Abstract
There was a large influx of Afghan refugees into Pakistan during the 1980s and in particular after the US invasion of Afghanistan in 2001. That refugees have high rates of mental health problems has been well established (e.g. De Jong et al, 2000) – causes include migration, often with painful transit experiences, difficult camp life and the experience of major trauma, including multiple losses of family members as well as the loss of property and traditional lifestyle. However, the Afghan refugees in Pakistan have been poorly studied. Although the mental health problems of Afghan refugees have been studied in the West, the numbers of participants in such research have been relatively small.
The burden of healthcare for Afghan refugees lies mainly with the Pakistani government and non-governmental organisations. The refugees place a further burden on the already poorly financed healthcare system in Pakistan. It is encouraging to note that the host population has shown great courage and patience in support of Afghan refugees.
Many studies in the West have found high rates of psychiatric disorder among refugees (Summerfield, 2001). Wide variations in the rates of these disorders can be attributed to differing cultures and experiences in the groups sampled. Although the concept of post-traumatic stress disorder (PTSD) has been questioned and it has been suggested that rates may have been exaggerated (Watters, 2001), the rates of PTSD have been estimated to be as high as 90% in psychiatric clinic populations (Silove, 1999).
In a community study of Afghan refugees in The Netherlands, the prevalence of PTSD was found to be 35% (Gernaat et al, 2002). Similarly, a US study examined the psychological effects of the war in Afghanistan on two groups of young Afghan refugees currently residing in the USA. The investigators found the rates of mental health problems to be higher among the Pashto-speaking population than among the Tajik population (Mghir & Raskin, 1999). In another US study (Mghir et al, 1995), 38 refugees aged between 12 and 24 years were interviewed with the Structured Clinical Interview for DSM–III–R. Five of the participants met the criteria for PTSD and 11 met the criteria for major depression (13 had either PTSD or major depression or both).

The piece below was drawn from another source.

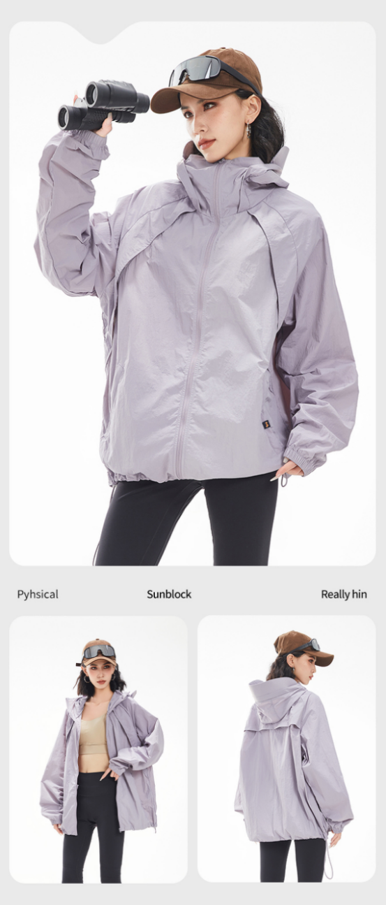 再也不用为穿防晒衣显臃肿发愁啦!这件防晒衣真的绝~ 灰紫太清新了,好适合春夏穿,小假期踏青爬山啥的焊在身上! UPF50+自带凉感,不户外运动,日常出街都能穿!

Afghans living in the Western world represent a small proportion of that country’s refugees. Pakistan provides a better opportunity for the study of the mental health problems of the larger Afghan refugee population. We undertook a study to measure the prevalence of psychiatric morbidity among Afghan refugees.
Method
This was a cross-sectional study. Information was collected from Afghan refugees attending a psychiatric service in Peshawar between December 2003 and March 2004. All the refugees attending who fulfilled our inclusion criteria were approached, and all those who consented were included in our study. The inclusion criteria were: being an Afghan refugee, between the ages of 15 and 65 years, attending the psychiatric service and having a diagnosis of a functional psychiatric illness. Those with a diagnosis of learning disability, dementia or organic brain disorder were excluded from the study.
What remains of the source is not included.